▸ Problem
Going through the material below, output exactly the lines from the one containing "Ban Giám đốc" through the one containing "Snabb och effektiv: Perfekt", and no pictures.

(Input data Opens)

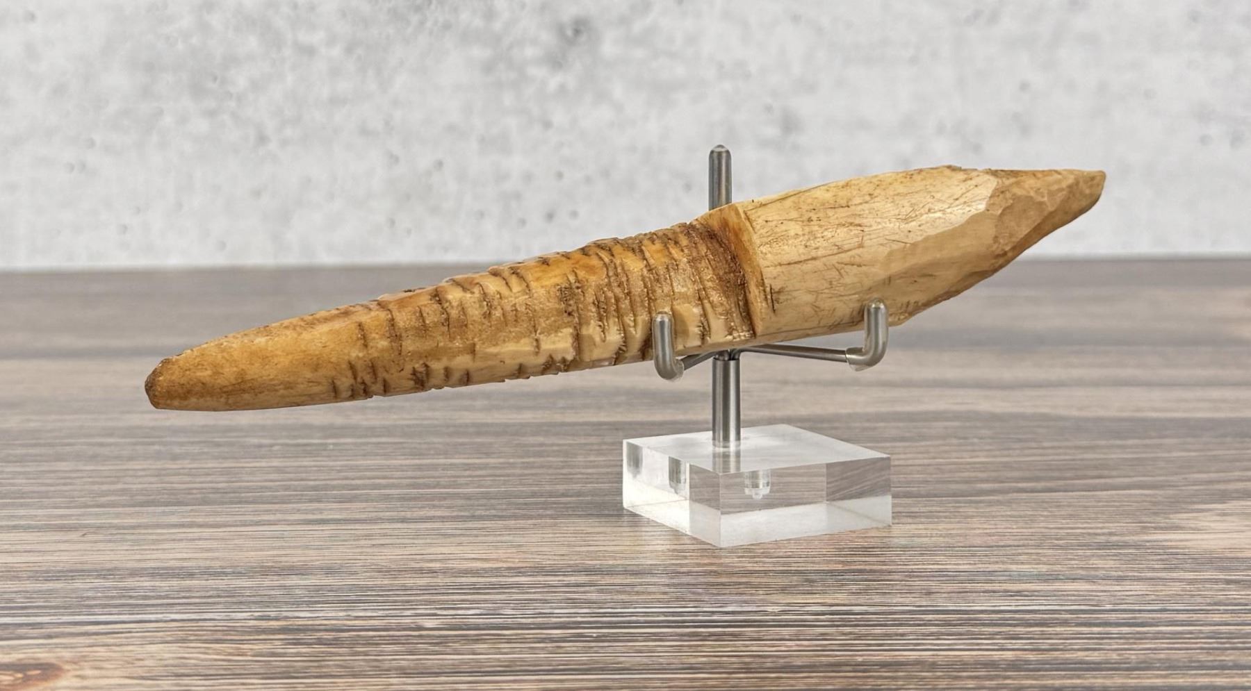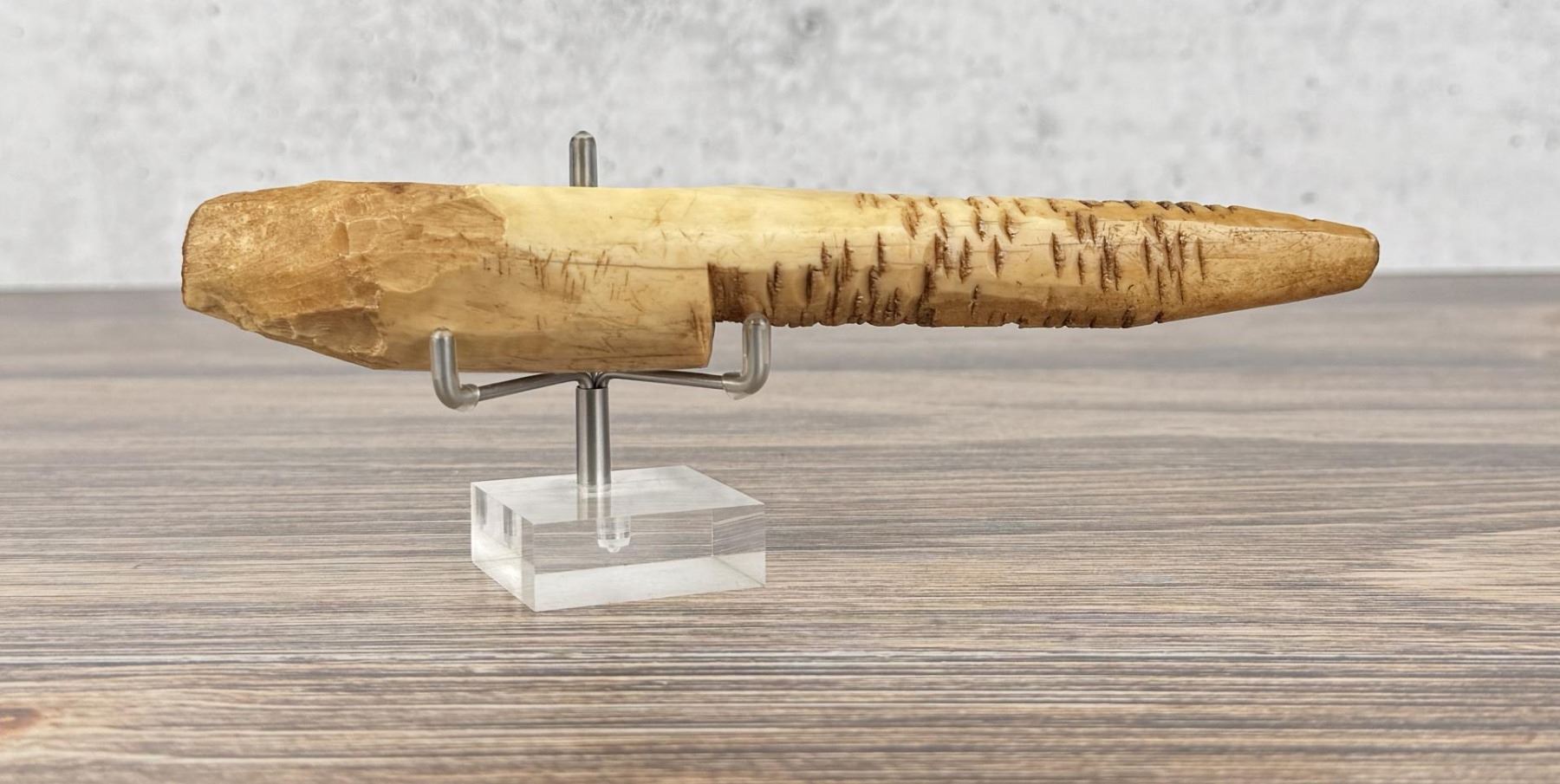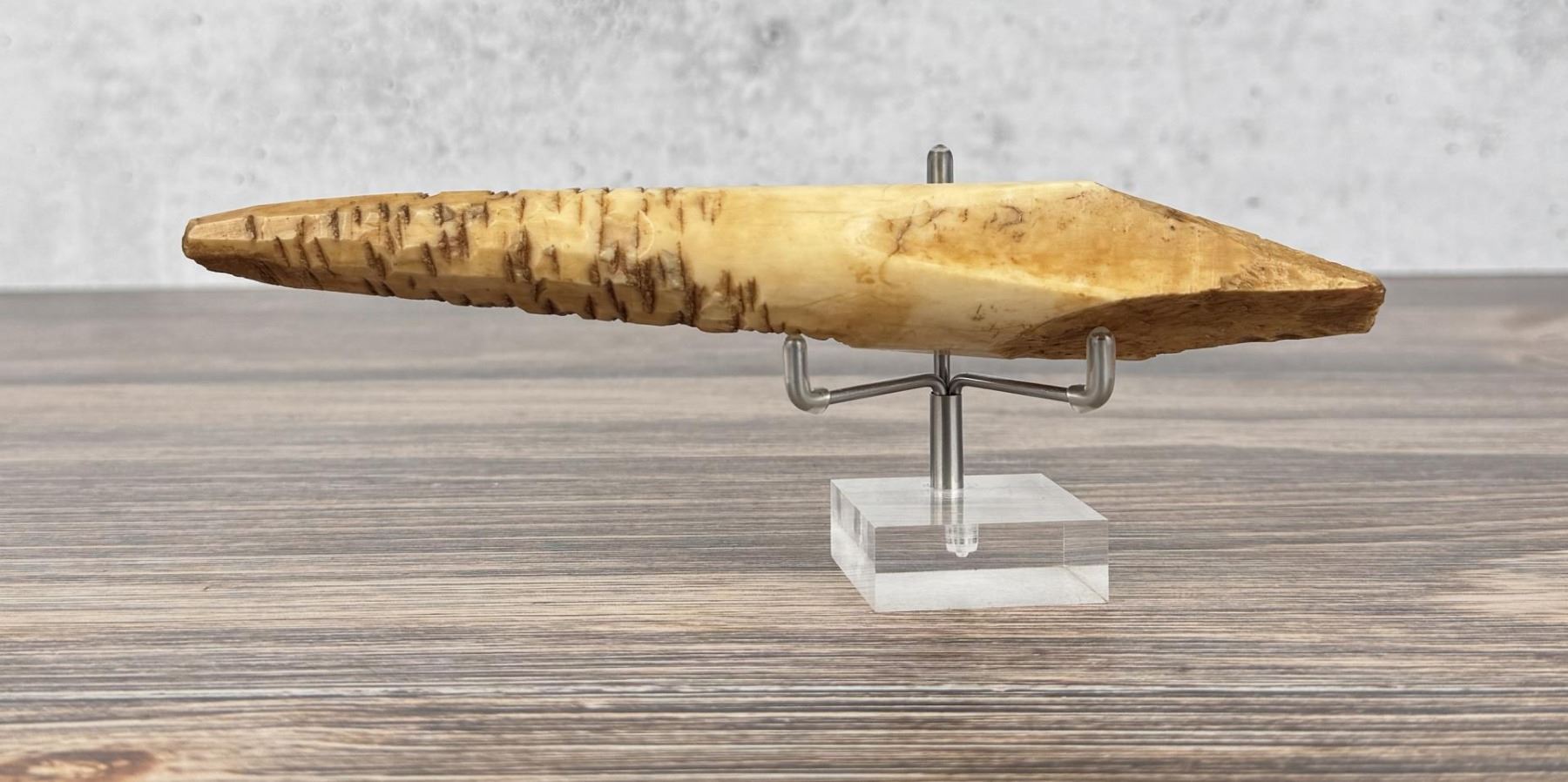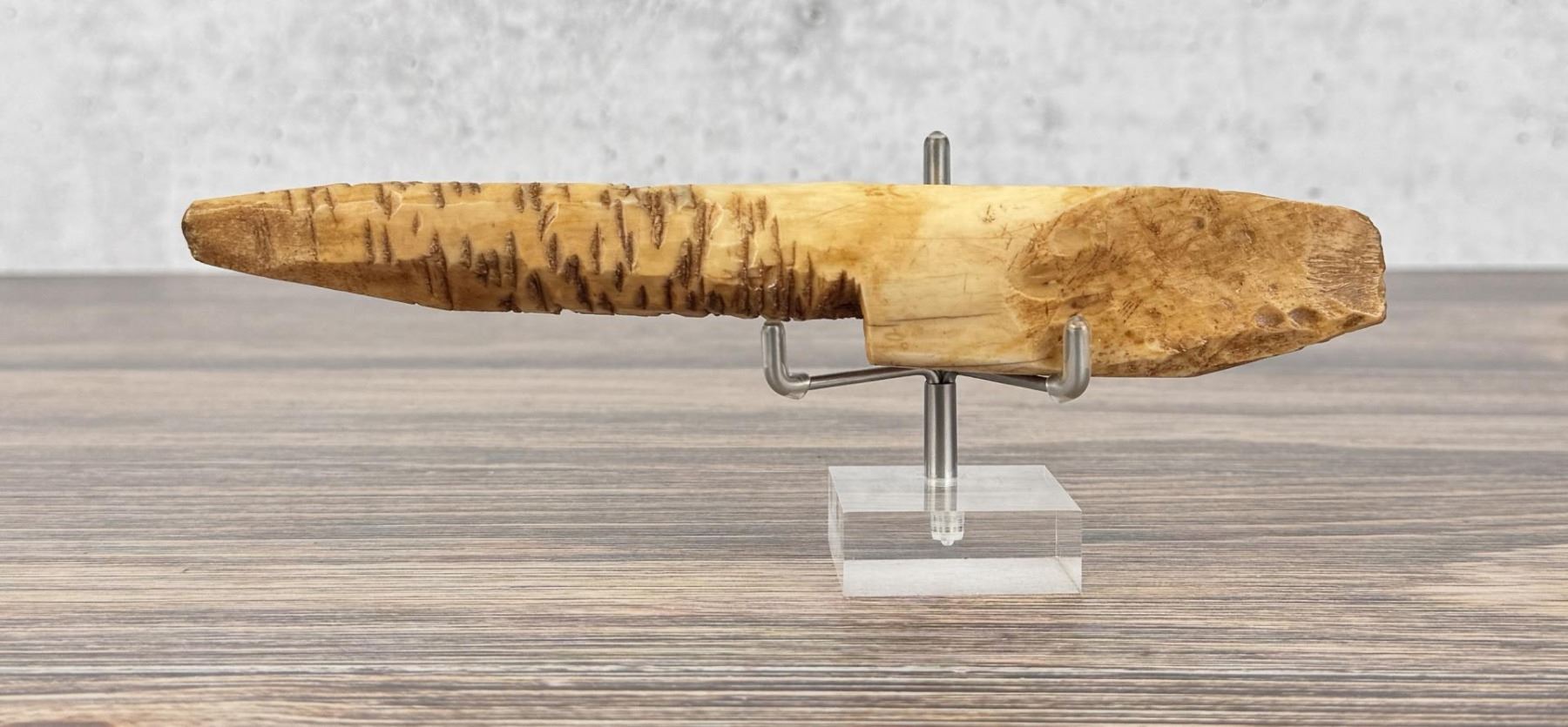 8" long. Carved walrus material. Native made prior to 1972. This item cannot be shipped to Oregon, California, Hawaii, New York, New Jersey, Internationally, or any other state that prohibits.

(Input data Closes)
(Input data Opens)

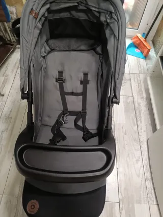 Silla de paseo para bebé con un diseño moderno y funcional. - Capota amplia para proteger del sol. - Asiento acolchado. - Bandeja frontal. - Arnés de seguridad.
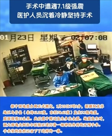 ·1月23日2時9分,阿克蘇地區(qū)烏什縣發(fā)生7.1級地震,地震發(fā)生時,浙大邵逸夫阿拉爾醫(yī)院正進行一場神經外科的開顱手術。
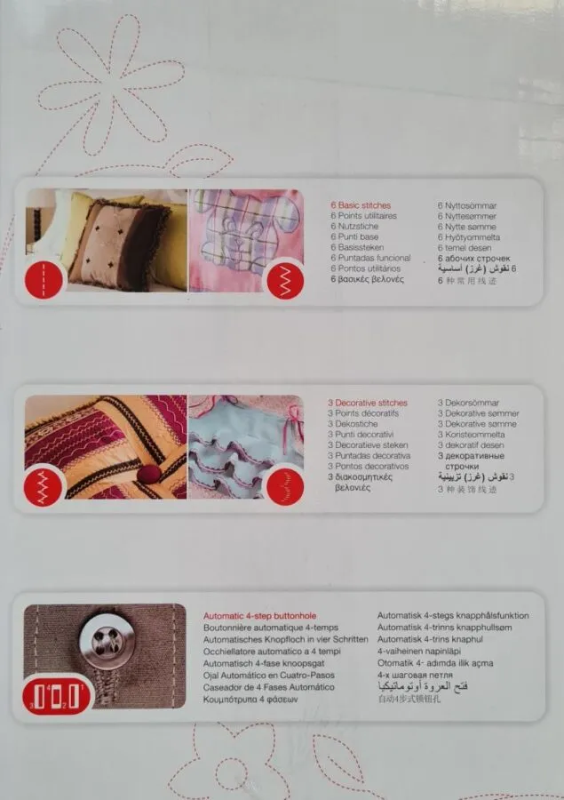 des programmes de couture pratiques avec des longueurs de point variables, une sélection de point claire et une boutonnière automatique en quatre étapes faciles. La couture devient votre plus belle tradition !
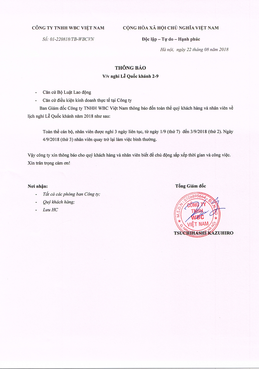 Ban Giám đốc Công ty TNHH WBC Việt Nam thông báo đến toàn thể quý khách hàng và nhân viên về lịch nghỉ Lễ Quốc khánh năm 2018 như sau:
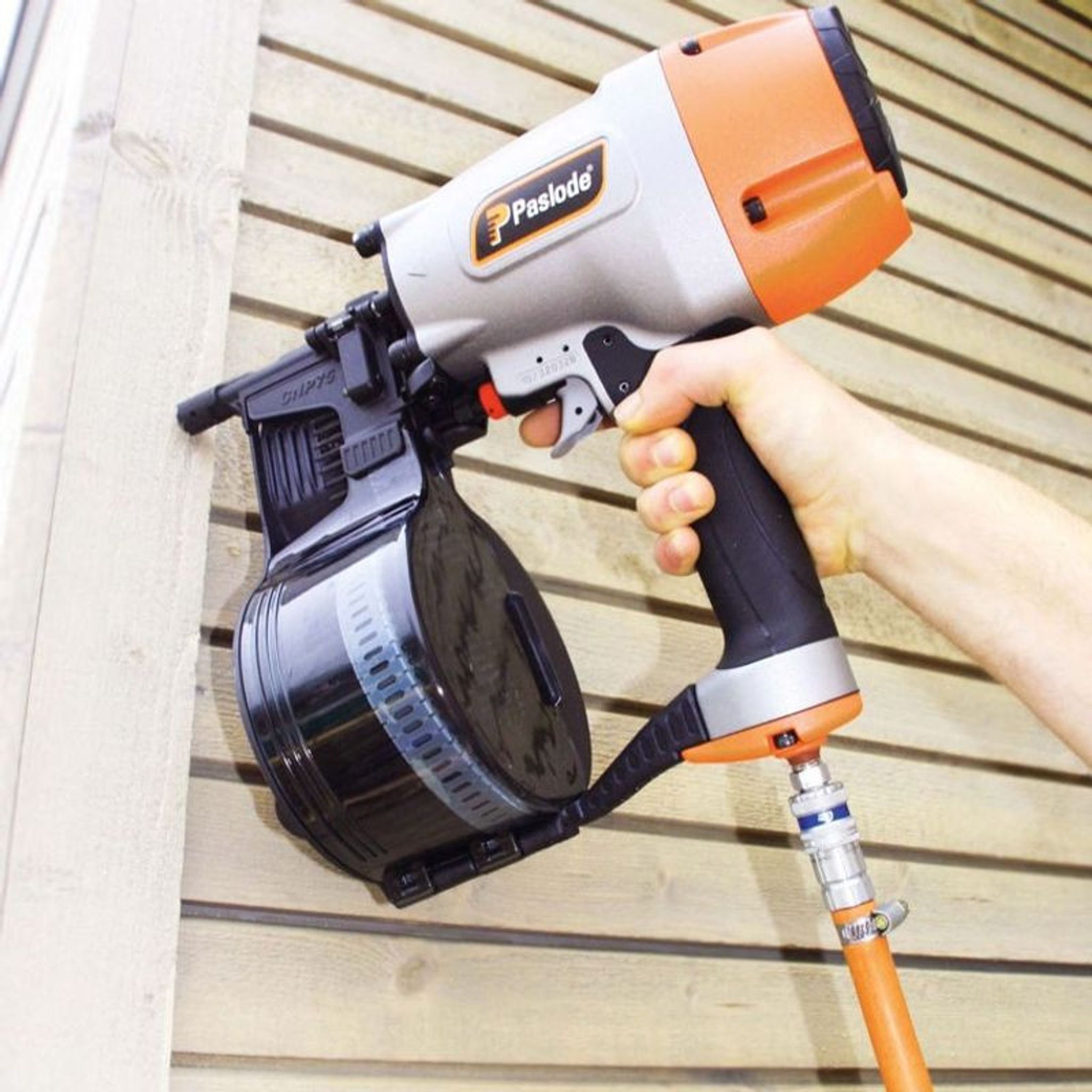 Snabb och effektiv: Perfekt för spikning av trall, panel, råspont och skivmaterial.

(Input data Closes)

▸ Answer space
 Ban Giám đốc Công ty TNHH WBC Việt Nam thông báo đến toàn thể quý khách hàng và nhân viên về lịch nghỉ Lễ Quốc khánh năm 2018 như sau:
 Snabb och effektiv: Perfekt för spikning av trall, panel, råspont och skivmaterial.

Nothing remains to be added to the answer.